Here was my for() loop method of modeling the predictors in data_pred on each individual column of measured responses in data_resp using the caret package:

# data_pred contains predictors
# data_resp contains one column per measurement
# 1 matching row per observation in both data_pred and data_resp

for (i in 1:ncol(data_resp)) {

   train(x = data_pred[!is.na(data_resp[, i]), ],
         y = data_resp[!is.na(data_resp[, i], i],
         ... )
}

Now I'm trying to do the same with lapply, which I think has numerous advantages. I'm having an issue with translating the !is.na() criteria on the fly so that I'm only modeling with non-NA cases for each response.
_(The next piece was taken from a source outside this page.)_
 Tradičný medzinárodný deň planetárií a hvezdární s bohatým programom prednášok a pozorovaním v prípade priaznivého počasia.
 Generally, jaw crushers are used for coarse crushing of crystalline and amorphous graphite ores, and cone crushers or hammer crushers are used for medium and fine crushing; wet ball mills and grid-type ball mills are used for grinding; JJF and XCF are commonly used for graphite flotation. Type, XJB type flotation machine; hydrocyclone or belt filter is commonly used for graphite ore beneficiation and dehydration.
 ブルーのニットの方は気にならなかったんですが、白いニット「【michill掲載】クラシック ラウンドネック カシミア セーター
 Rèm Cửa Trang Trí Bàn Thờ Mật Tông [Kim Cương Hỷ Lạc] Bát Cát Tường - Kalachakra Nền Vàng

Here was my initial function to test the lapply method:

rf_func <- function(y) {
  train(x = data_pred,
        y = y,
        method = "rf",
        tuneGrid = data.frame(.mtry = 3:6),
        nodesize = 3,
        ntrees = 500,
        trControl = trControl) }

Then create an empty list to store results and apply the function to data_resp:

models <- list(NULL)
models$rf <- lapply(as.list(data_resp), rf_func)
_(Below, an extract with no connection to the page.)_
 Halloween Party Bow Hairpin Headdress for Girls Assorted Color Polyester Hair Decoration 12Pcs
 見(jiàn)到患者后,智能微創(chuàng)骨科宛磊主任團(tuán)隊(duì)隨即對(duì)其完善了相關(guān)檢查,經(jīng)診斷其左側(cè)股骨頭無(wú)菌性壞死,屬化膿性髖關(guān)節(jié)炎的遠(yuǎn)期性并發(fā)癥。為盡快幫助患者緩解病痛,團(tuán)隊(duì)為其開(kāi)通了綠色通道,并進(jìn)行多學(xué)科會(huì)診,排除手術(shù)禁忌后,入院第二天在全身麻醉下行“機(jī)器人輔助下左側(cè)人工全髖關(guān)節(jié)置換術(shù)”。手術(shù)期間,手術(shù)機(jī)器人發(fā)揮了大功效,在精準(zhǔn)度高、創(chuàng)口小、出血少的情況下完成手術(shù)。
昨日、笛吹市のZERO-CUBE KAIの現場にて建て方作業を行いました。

That works fine since randomForest can handle NAs, but other methods cannot, so I need to remove those rows from each data_resp element as well as the corresponding rows from my predictors.

I tried this without success:

train(x = data_pred_scale[!is.na(y), ],
      y = y[!is.na(y)],
      ... }

I also tried y[[!is.na(y)]]

How do I translate the data.frame method (df[!is.na(df2), ]) to lapply?

Answer 1

In fiddling around quite a bit with a single element of my as.list(data_frame) to simulate what lapply would be passing, I came up with this, which I think is working:

rf_func <- function(y) {
  train(x = data_pred_scale[!(unlist(lapply(y, is.na))), ], 
        y = y[!(unlist(lapply(y, is.na)))], 
        method = "rf",
        tuneGrid = data.frame(.mtry = 3:6),
        nodesize = 3,
        ntrees = 500,
        trControl = trControl) }

models$rf <- lapply(as.list(data_resp), rf_func)
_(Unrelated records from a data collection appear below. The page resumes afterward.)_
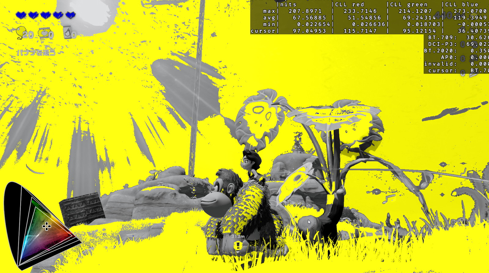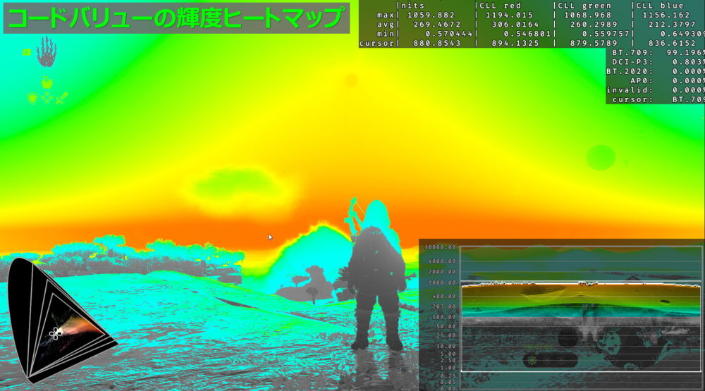 実はHDR対応ゲームでも広色域カラーを全く使っていないゲームがあります。というかかなり多いです。
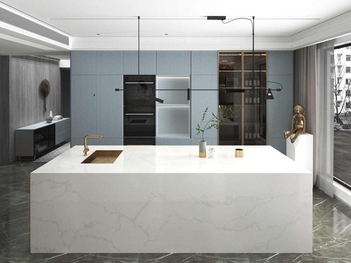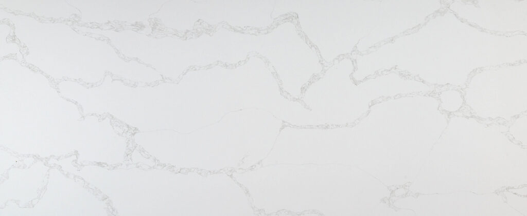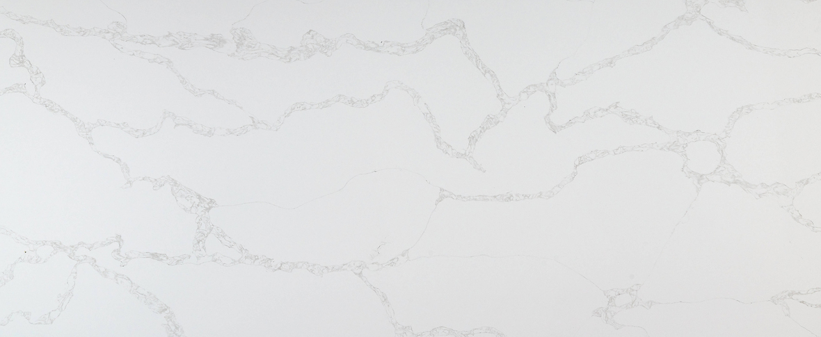 This quartz features a bright white foundation with long, rhythmic gray veins that flow horizontally in a soft, undulating motion. The feathered edges of the veining create a natural, fluid appearance that captures the elegant movement of classic Calacatta marble.
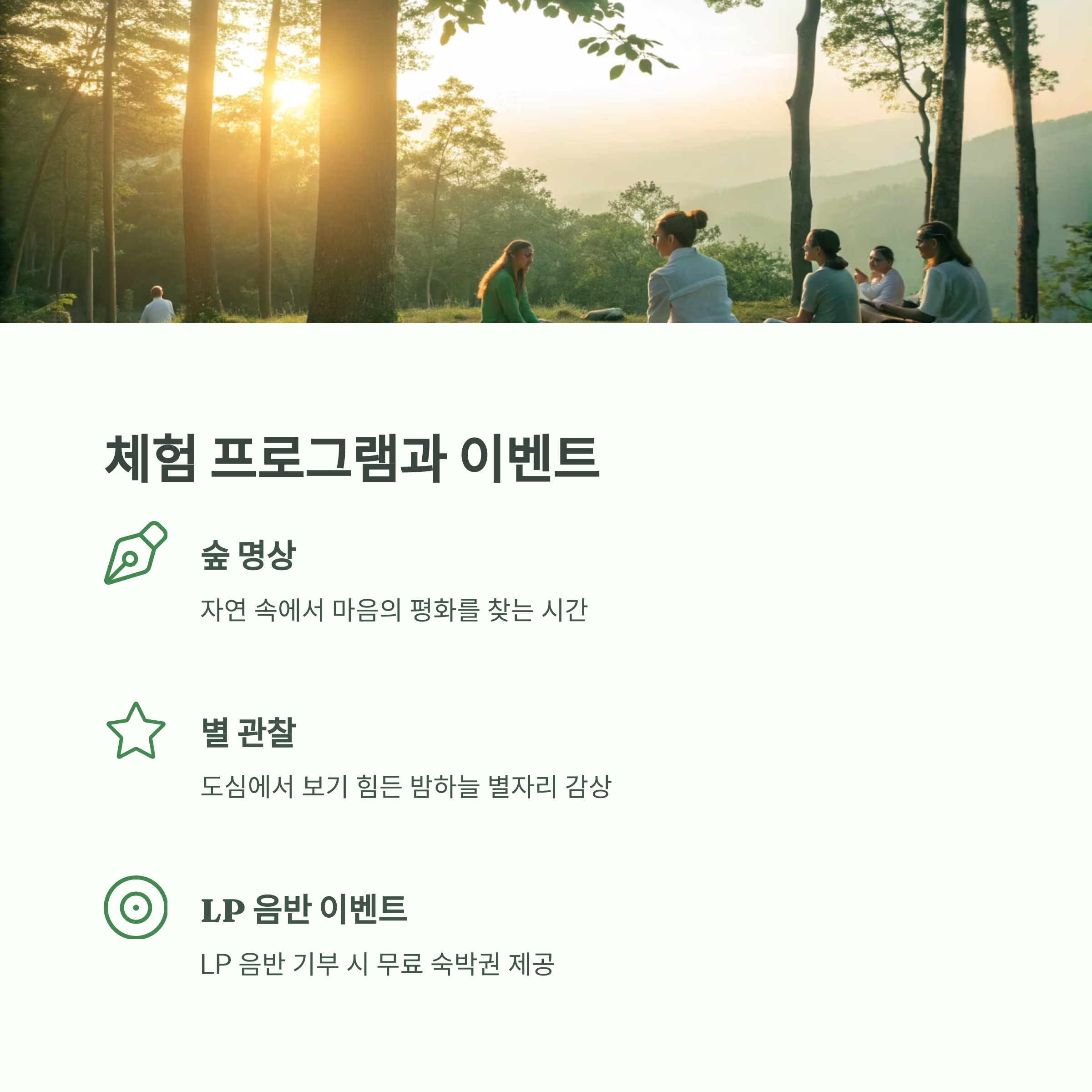 - 계절별 체험: 숲 명상, 전통놀이, 별 관찰 프로그램 등

It does seem to be working. I [hackishly] compared the non-NA data set to the trainingData results in each caret model like so:

nas <- NULL
for(i in 1:ncol(data_resp)) {nas <- c(nas, length(data_resp[!is.na(data_resp[, i]), i]))}

model_nas <- NULL
for(i in 1:length(nas)) {model_nas <- c(model_nas, nrow(models$rf[[i]]$trainingData))}

identical(nas, model_nas)
[1] TRUE

So, is y[!unlist(lapply(y, is.na)))] the best/most elegant way to do this sort of thing It's pretty ugly...

---

Edit: Based on @Ricardo Saporta 's answer, I was able to come up with this (probably obvious to the veterans, but bear with me):

rf_func <- function(x, y) {
  train(x = x,
        y = y,
        method = "rf",
        tuneGrid = data.frame(.mtry = 3:6),
        nodesize = 3,
        ntrees = 500,
        trControl = trControl) }

models$rf <- lapply(data_resp, function (y) {
  rf_func(data_pred_scale[!is.na(y), ], y[!is.na(y)] ) 
  }
)

Is there still a better way, or is that fairly decent? (Certainly prettier than my first mess up above.)

Answer 2

several different ways to go about it. A simple approach is with an anonymous function:

 lapply(data_resp, function(x) rf_func(x[!is.na(x)]))